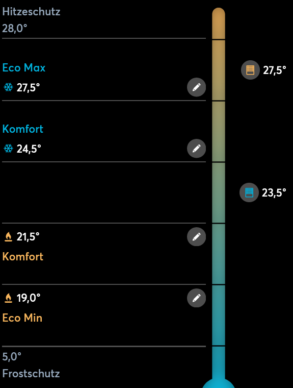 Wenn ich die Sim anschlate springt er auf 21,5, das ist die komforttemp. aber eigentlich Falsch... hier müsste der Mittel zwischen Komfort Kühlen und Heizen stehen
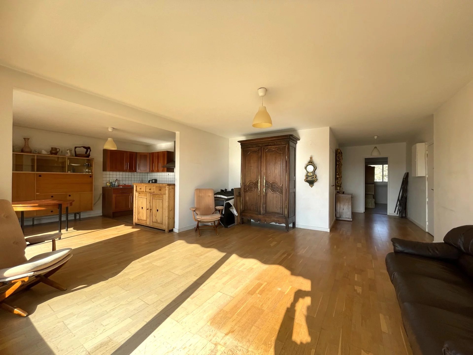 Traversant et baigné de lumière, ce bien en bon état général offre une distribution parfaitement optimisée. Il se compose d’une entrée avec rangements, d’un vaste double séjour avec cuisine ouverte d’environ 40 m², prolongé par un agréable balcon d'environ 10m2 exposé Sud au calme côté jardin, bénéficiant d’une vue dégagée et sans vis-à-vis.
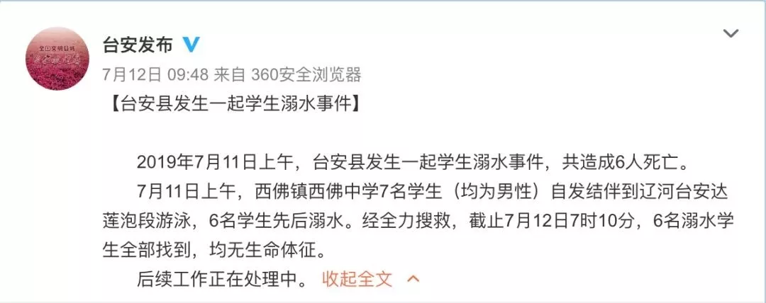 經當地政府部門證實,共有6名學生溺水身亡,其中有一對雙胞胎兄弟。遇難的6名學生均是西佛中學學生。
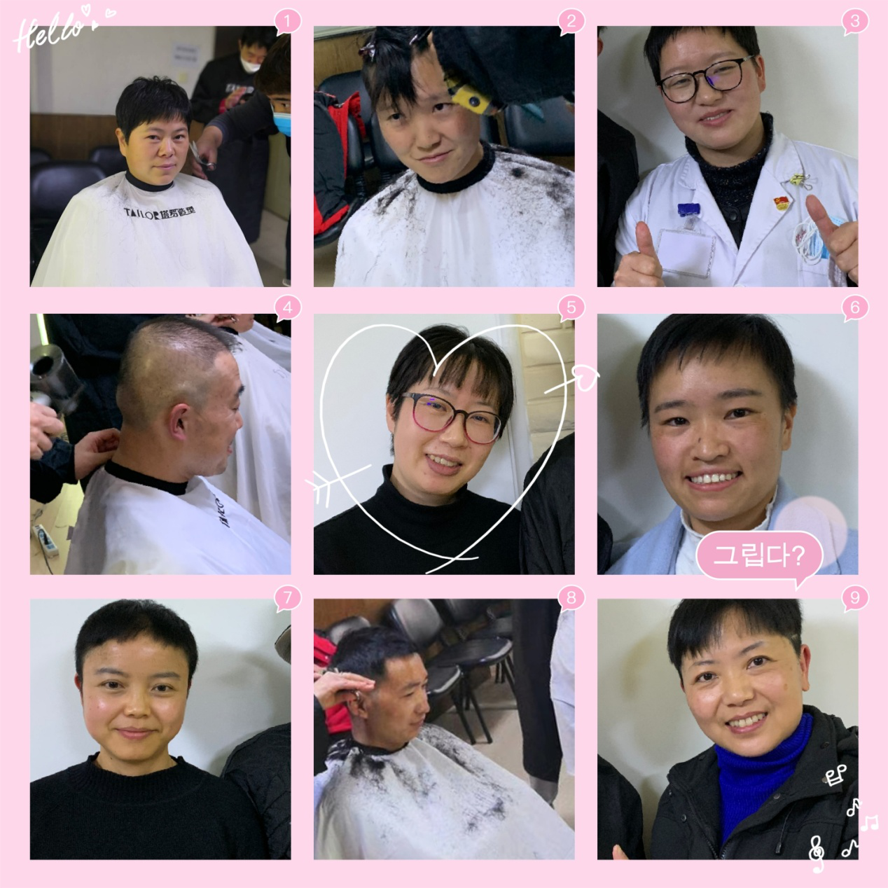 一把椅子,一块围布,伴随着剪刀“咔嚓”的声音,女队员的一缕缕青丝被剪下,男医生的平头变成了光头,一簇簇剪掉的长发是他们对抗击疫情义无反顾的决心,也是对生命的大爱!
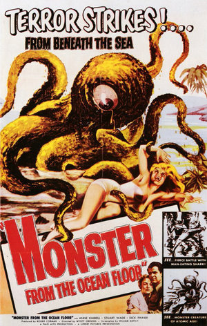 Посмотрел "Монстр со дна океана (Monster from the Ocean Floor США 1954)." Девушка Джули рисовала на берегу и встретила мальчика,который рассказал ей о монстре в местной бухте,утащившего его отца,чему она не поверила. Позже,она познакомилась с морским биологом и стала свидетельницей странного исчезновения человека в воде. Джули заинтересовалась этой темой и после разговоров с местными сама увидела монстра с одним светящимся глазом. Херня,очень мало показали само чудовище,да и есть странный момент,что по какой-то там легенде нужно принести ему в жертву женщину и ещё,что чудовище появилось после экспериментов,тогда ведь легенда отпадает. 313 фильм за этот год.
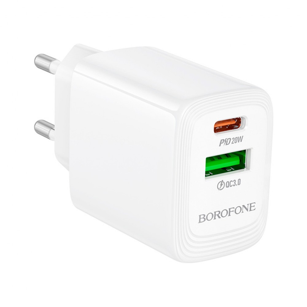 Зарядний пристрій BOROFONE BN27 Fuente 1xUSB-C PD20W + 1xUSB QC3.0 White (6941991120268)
· · · · · · ·
TASK DIRECTIONS: Could you reproduce exactly, and only, the lines from the one containing "一把椅子,一块围布,伴随着剪" through the end of the records above, both included, while leaving out the pictures?

WORKED SOLUTION:
 一把椅子,一块围布,伴随着剪刀“咔嚓”的声音,女队员的一缕缕青丝被剪下,男医生的平头变成了光头,一簇簇剪掉的长发是他们对抗击疫情义无反顾的决心,也是对生命的大爱!
 Посмотрел "Монстр со дна океана (Monster from the Ocean Floor США 1954)." Девушка Джули рисовала на берегу и встретила мальчика,который рассказал ей о монстре в местной бухте,утащившего его отца,чему она не поверила. Позже,она познакомилась с морским биологом и стала свидетельницей странного исчезновения человека в воде. Джули заинтересовалась этой темой и после разговоров с местными сама увидела монстра с одним светящимся глазом. Херня,очень мало показали само чудовище,да и есть странный момент,что по какой-то там легенде нужно принести ему в жертву женщину и ещё,что чудовище появилось после экспериментов,тогда ведь легенда отпадает. 313 фильм за этот год.
 Зарядний пристрій BOROFONE BN27 Fuente 1xUSB-C PD20W + 1xUSB QC3.0 White (6941991120268)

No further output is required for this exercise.